Records from a collection

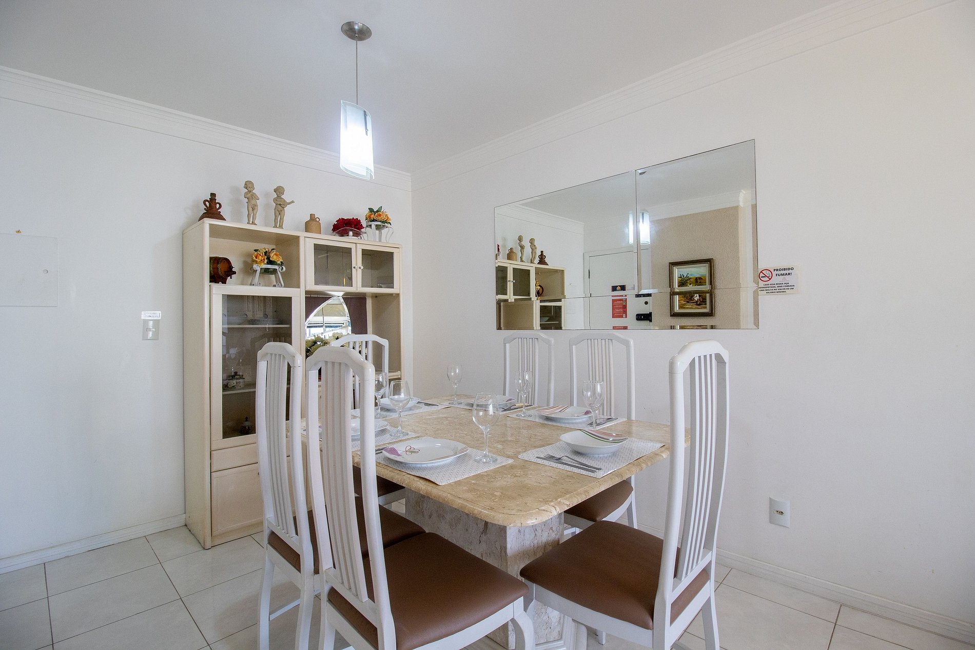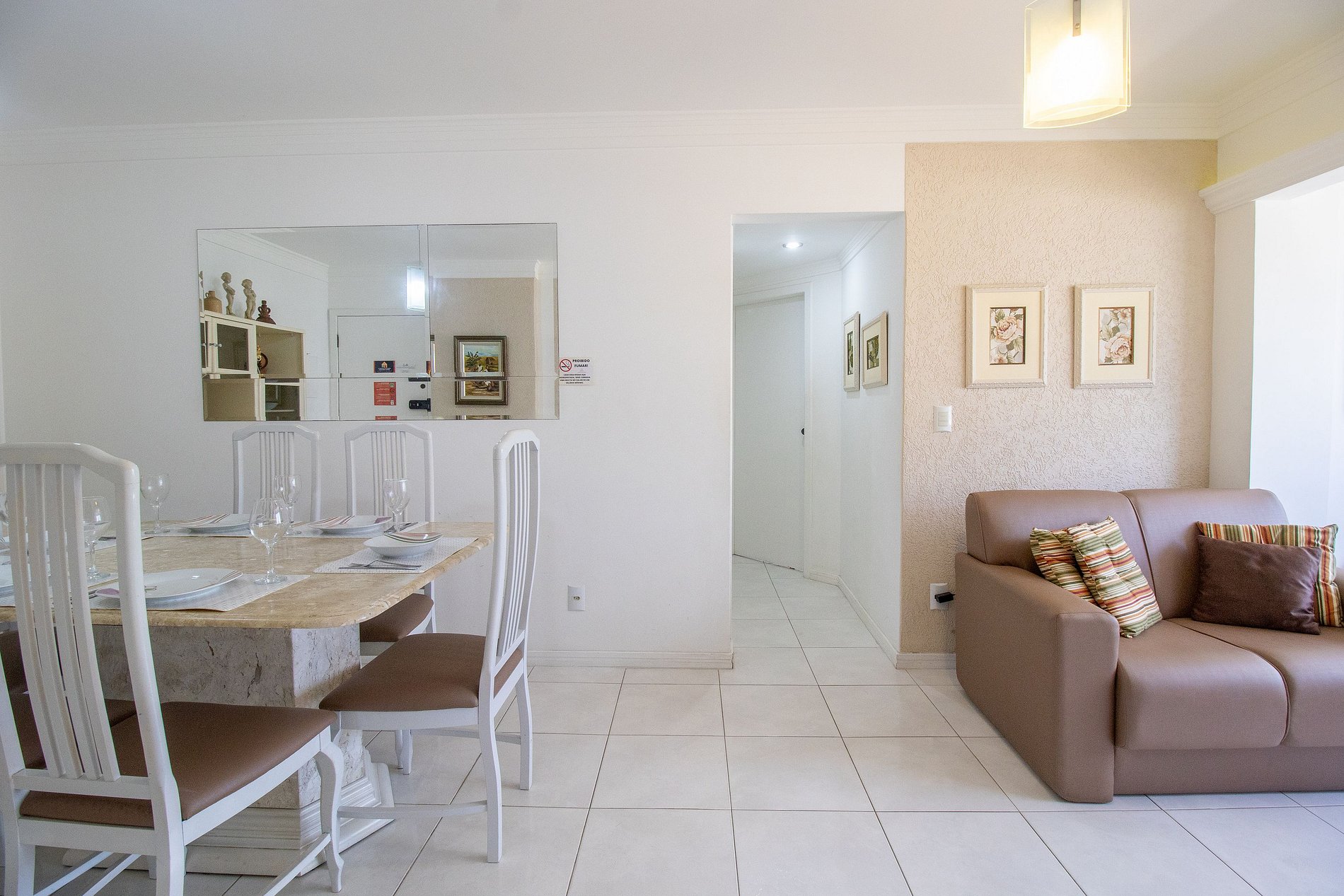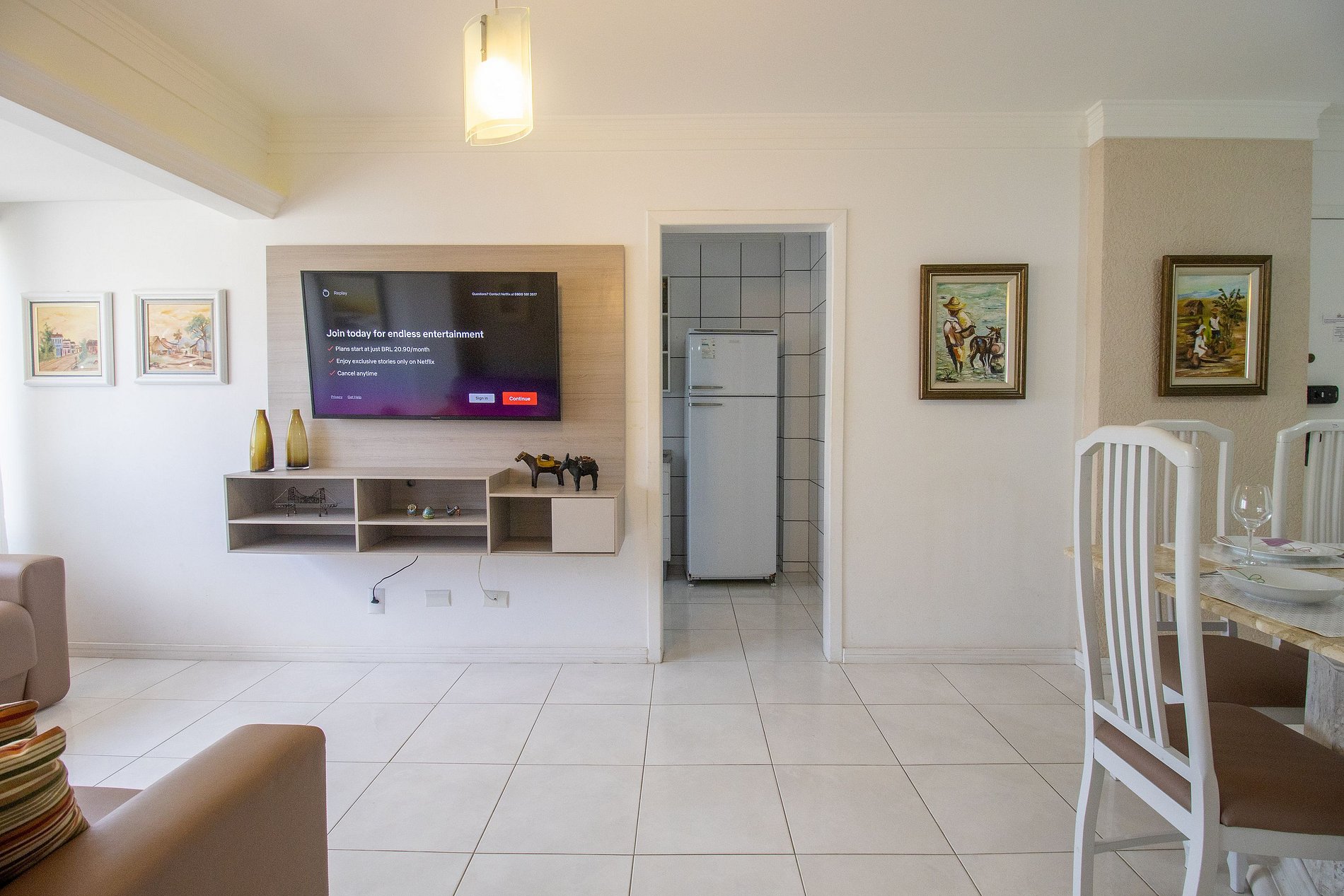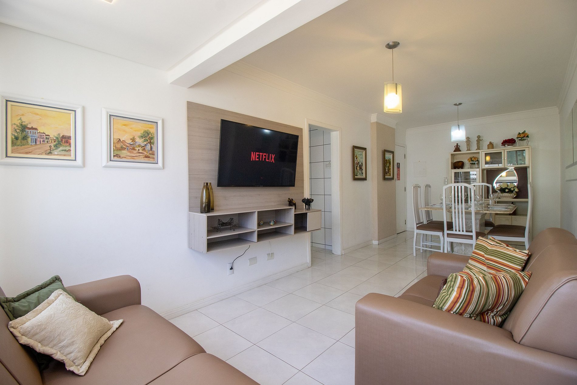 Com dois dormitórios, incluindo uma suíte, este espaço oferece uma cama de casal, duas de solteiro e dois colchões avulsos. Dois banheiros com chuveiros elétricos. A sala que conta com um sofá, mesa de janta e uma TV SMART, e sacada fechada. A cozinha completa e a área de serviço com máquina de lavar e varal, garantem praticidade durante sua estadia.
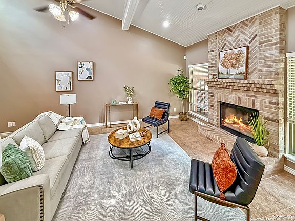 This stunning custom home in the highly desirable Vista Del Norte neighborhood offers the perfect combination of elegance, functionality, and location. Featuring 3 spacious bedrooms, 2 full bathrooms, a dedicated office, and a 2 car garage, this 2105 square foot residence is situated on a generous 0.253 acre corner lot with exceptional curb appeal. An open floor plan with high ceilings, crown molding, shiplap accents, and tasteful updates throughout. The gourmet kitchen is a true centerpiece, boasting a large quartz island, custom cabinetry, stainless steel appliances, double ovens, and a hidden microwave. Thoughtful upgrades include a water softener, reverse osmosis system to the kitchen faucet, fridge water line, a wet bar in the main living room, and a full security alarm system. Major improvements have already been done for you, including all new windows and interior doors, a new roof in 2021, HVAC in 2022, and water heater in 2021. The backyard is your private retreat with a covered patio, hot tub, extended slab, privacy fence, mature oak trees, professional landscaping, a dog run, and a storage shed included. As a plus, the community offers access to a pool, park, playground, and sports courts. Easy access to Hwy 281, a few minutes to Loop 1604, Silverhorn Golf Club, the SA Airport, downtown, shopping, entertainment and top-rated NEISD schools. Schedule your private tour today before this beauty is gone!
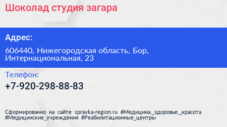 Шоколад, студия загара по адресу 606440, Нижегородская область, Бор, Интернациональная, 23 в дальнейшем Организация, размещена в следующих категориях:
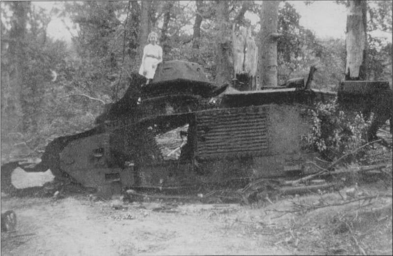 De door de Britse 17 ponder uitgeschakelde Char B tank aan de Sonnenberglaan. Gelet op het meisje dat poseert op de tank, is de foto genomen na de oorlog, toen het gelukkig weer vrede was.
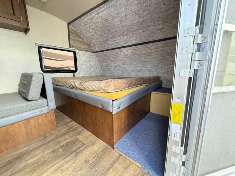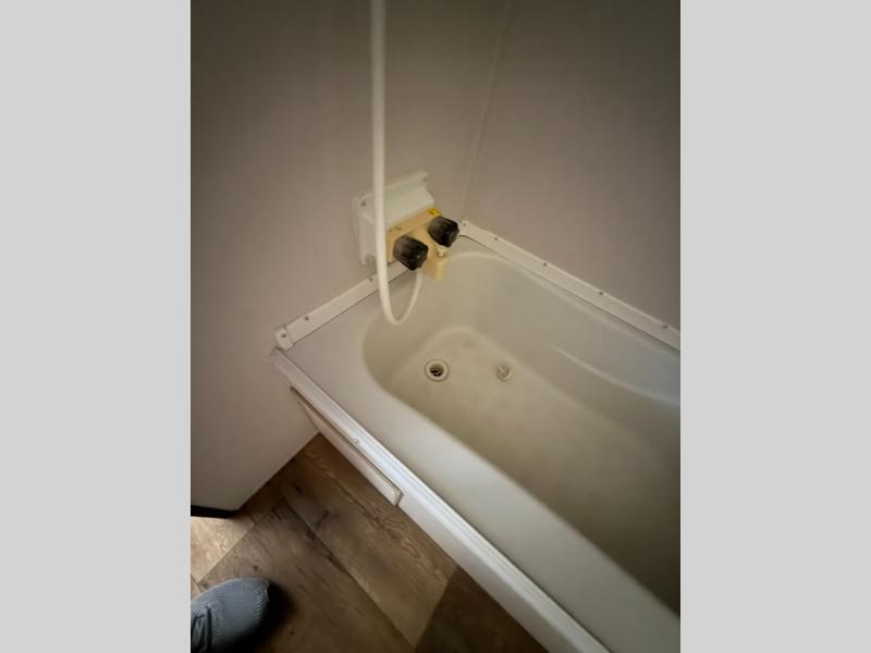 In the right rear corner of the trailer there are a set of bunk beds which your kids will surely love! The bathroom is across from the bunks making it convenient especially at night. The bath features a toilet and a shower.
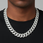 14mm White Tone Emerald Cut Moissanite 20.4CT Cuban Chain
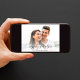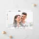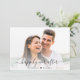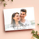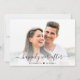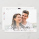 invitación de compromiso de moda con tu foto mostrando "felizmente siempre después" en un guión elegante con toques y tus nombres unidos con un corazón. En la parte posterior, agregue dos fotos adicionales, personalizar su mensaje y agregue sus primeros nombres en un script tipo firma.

▶ _WORK ORDER_
Your answer must be an exact copy of the records above, with every picture left out.

▶ _RESULT OF THIS TASK_
 Com dois dormitórios, incluindo uma suíte, este espaço oferece uma cama de casal, duas de solteiro e dois colchões avulsos. Dois banheiros com chuveiros elétricos. A sala que conta com um sofá, mesa de janta e uma TV SMART, e sacada fechada. A cozinha completa e a área de serviço com máquina de lavar e varal, garantem praticidade durante sua estadia.
 This stunning custom home in the highly desirable Vista Del Norte neighborhood offers the perfect combination of elegance, functionality, and location. Featuring 3 spacious bedrooms, 2 full bathrooms, a dedicated office, and a 2 car garage, this 2105 square foot residence is situated on a generous 0.253 acre corner lot with exceptional curb appeal. An open floor plan with high ceilings, crown molding, shiplap accents, and tasteful updates throughout. The gourmet kitchen is a true centerpiece, boasting a large quartz island, custom cabinetry, stainless steel appliances, double ovens, and a hidden microwave. Thoughtful upgrades include a water softener, reverse osmosis system to the kitchen faucet, fridge water line, a wet bar in the main living room, and a full security alarm system. Major improvements have already been done for you, including all new windows and interior doors, a new roof in 2021, HVAC in 2022, and water heater in 2021. The backyard is your private retreat with a covered patio, hot tub, extended slab, privacy fence, mature oak trees, professional landscaping, a dog run, and a storage shed included. As a plus, the community offers access to a pool, park, playground, and sports courts. Easy access to Hwy 281, a few minutes to Loop 1604, Silverhorn Golf Club, the SA Airport, downtown, shopping, entertainment and top-rated NEISD schools. Schedule your private tour today before this beauty is gone!
 Шоколад, студия загара по адресу 606440, Нижегородская область, Бор, Интернациональная, 23 в дальнейшем Организация, размещена в следующих категориях:
 De door de Britse 17 ponder uitgeschakelde Char B tank aan de Sonnenberglaan. Gelet op het meisje dat poseert op de tank, is de foto genomen na de oorlog, toen het gelukkig weer vrede was.
 In the right rear corner of the trailer there are a set of bunk beds which your kids will surely love! The bathroom is across from the bunks making it convenient especially at night. The bath features a toilet and a shower.
 14mm White Tone Emerald Cut Moissanite 20.4CT Cuban Chain
 invitación de compromiso de moda con tu foto mostrando "felizmente siempre después" en un guión elegante con toques y tus nombres unidos con un corazón. En la parte posterior, agregue dos fotos adicionales, personalizar su mensaje y agregue sus primeros nombres en un script tipo firma.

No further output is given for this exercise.